I'm a little embarrassed to say that I think my honeymoon stage is over. There are things that I've encountered in Japan, working and living, that I'm just not too fond of. It's embarrassing to realize that things were and are not perfect here in Japan. The hype that I bought into (maybe that's too harsh). The excitement that I felt before coming here is not the same as I feel now.

I mean there are daily things I get excited about! My city is amazingly beautiful and the friends that I've made and am getting to know are awesome as well!

check out some photos: http://www.facebook.com/album.php?aid=2012562&id=151900452&l=740ce4adb7

It may have been the whole: doing something new, teaching (what I love), traveling (what I love) and learning a new language (what I love) aspect of coming here. But, as I sit and complain, I realize: those things are still prominent.

Life, unfortunately, is not perfect. We, as humans are not perfect. I mean, I'm almost perfect, but not quite there yet lol. Seriously, though. Crap happens. We get excited about new choices and do hours upon hours of research and dive in to a new decision. We'll always have reservations about our new choices and sometimes those reservations hold to be true.

So, now that some of my reservations are all up in ma face what do I do?

I feel as though by some things not being as perfect as they could or as I thought they would be, I'm a failure. Or that I'm fickle for not wanting to continue.

But, then I realized... I'm 26 years old. Jennifer Rae told me that 25 was a sexy age (I agreed, then I turned 26... so I guess it's sexy with one year experience?). Anyway, what I think she was getting at was 25 is a sense of maturity. You're no longer a baby and you're still at your peak in life. Still in your 20's but not early twenties. 26 is even better because I can officially say I'm grown.

So, back to my realization: just because I'm apt to try new things then peace them out when they aren't as good as I expect them to be doesn't make me fickle. It makes me smart. I'm 26 years old, I have my Masters in Education, I have a loving family, friends, beautiful boyfriend and the most adorable nephew one could ask for. I feel like I've been given situations that I only need to be in for a while; those situations get me to my next step in life. Sometimes I get discouraged because I'm doing a waiting game! I wait for a phone call, for my pay check, to transfer money...to hear God, for Friday... But I guess I should: enjoy today for tomorrow has it's own troubles more often...
One of the best parts about my life is that I've been given a gift of discernment and the understanding that things happen for a reason, in a season.
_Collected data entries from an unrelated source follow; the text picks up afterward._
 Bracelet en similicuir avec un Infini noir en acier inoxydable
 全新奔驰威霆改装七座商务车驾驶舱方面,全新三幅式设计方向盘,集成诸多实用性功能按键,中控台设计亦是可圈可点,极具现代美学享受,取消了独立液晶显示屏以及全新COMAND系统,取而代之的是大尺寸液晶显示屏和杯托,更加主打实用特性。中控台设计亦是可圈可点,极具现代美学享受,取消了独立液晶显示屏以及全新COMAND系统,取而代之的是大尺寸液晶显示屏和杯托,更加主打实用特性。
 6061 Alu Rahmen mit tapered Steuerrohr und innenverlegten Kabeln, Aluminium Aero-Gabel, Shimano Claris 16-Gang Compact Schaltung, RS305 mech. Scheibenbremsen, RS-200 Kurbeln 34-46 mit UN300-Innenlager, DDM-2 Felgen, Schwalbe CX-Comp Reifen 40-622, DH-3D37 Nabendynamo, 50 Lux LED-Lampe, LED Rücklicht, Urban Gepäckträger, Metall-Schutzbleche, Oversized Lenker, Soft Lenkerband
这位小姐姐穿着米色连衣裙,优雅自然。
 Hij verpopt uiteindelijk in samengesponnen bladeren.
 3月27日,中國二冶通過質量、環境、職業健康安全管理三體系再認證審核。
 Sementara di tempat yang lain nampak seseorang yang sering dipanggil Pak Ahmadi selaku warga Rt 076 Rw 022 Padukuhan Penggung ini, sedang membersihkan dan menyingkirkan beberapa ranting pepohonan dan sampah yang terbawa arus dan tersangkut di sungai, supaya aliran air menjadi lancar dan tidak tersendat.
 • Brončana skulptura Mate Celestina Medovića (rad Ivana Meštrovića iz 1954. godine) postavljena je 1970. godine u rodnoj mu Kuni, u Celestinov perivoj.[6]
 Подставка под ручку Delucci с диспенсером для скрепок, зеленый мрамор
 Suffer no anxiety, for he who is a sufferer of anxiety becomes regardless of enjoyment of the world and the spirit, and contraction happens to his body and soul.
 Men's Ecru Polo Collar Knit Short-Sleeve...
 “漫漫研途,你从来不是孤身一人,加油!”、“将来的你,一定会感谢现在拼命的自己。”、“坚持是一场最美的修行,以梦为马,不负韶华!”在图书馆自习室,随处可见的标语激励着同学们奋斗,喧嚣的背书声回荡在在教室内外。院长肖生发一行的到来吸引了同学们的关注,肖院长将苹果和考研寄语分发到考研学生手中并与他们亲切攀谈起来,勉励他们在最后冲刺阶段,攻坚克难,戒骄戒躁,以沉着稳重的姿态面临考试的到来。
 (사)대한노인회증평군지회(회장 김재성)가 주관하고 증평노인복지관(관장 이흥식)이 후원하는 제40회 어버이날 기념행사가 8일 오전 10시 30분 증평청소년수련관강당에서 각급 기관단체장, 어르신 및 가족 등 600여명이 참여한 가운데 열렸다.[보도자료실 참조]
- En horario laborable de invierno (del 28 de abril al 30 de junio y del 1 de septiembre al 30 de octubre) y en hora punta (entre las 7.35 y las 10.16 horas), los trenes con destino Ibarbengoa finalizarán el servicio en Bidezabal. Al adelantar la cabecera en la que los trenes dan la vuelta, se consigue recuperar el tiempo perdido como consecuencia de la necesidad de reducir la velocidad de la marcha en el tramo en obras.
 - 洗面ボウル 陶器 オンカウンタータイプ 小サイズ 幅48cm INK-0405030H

Not just for a reason, but some things have to happen only for a season.
So... the past year I've had so many different seasons that I've gone through. Some of which I could live without, some of which I needed to grow. I've lived and traveled everywhere searching to find myself and a job lol.

The point to my rant is that I'm going through different seasons. I'm waiting for my main goal in life to happen and until then, I am going to enjoy the ride. BUT that doesn't mean I will settle for just anything. No no no... I'm 26, I'm grown. You get to a point in life where settling is not okay.

AND if that makes me look fickle, then so be it. I'd like to think I'm wise...

For the record, waiting for what you truly want SUCKS! But enjoying the things put in place to help you get to where you really want HELPS lol!